Your objective:
Print every line of the listing below, starting with the line that holds "THE VICTORIAN OBSIDIAN" and going on through the line that holds "君主は2段階の一般魔法とオー", both included, and print nothing else.
Input data Start Marker
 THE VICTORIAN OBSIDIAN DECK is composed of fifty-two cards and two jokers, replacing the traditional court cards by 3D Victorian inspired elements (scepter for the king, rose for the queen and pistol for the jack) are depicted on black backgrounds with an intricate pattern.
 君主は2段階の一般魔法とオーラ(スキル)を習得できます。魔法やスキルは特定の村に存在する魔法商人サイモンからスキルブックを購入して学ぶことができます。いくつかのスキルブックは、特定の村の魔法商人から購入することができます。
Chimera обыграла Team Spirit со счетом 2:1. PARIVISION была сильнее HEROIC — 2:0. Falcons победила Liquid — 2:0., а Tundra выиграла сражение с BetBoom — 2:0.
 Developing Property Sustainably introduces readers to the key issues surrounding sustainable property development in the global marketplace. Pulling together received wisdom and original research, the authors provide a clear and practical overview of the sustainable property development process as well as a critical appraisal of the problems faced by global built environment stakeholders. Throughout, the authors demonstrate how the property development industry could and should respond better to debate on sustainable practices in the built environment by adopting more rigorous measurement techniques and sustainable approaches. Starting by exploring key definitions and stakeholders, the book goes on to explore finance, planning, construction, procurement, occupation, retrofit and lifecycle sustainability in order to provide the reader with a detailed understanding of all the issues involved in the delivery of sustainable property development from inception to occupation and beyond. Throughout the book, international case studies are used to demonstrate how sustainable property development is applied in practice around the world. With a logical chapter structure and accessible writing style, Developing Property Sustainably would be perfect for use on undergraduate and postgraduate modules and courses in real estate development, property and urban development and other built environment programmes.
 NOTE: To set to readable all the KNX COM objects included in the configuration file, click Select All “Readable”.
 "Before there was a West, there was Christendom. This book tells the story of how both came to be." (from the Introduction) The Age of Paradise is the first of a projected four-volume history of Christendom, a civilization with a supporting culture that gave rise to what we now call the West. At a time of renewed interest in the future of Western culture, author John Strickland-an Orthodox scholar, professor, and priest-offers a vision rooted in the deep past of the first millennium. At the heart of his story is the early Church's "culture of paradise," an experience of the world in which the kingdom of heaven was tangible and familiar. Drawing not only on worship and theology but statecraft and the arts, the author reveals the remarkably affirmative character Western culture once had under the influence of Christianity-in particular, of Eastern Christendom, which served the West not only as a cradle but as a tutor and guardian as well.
Input data End Marker
Input data Start Marker
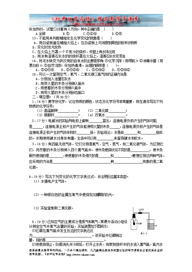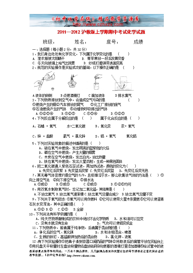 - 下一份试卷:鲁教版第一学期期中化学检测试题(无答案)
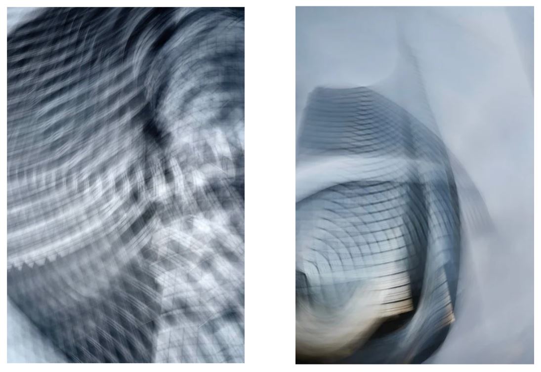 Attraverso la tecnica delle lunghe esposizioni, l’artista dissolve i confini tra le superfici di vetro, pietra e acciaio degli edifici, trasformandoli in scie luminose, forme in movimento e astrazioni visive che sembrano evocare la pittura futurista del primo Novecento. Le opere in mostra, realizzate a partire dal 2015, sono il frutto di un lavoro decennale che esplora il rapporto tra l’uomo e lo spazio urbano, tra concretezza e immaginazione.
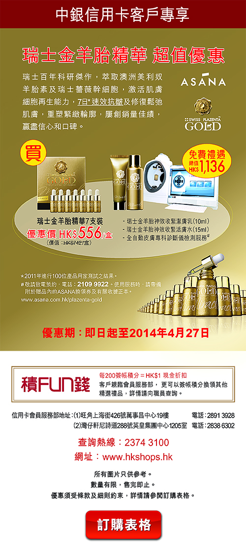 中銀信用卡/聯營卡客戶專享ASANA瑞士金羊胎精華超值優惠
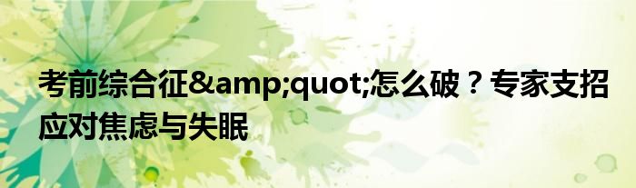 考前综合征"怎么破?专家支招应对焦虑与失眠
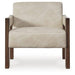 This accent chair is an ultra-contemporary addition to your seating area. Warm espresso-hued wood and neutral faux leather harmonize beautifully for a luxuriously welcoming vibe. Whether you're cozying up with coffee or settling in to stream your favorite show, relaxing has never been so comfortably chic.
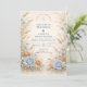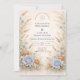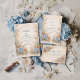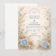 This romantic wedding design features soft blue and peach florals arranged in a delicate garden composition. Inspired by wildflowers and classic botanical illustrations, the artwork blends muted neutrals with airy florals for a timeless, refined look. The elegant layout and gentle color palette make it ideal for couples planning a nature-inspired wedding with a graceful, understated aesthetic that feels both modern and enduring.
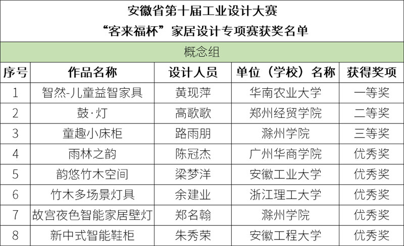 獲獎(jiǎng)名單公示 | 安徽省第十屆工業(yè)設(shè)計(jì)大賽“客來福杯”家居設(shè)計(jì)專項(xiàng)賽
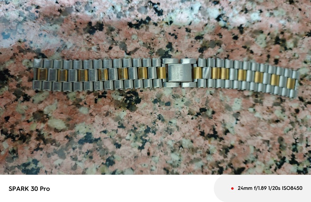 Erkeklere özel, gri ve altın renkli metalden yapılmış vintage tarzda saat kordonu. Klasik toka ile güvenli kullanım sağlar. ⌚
Input data End Marker
Exercise solution:
 THE VICTORIAN OBSIDIAN DECK is composed of fifty-two cards and two jokers, replacing the traditional court cards by 3D Victorian inspired elements (scepter for the king, rose for the queen and pistol for the jack) are depicted on black backgrounds with an intricate pattern.
 君主は2段階の一般魔法とオーラ(スキル)を習得できます。魔法やスキルは特定の村に存在する魔法商人サイモンからスキルブックを購入して学ぶことができます。いくつかのスキルブックは、特定の村の魔法商人から購入することができます。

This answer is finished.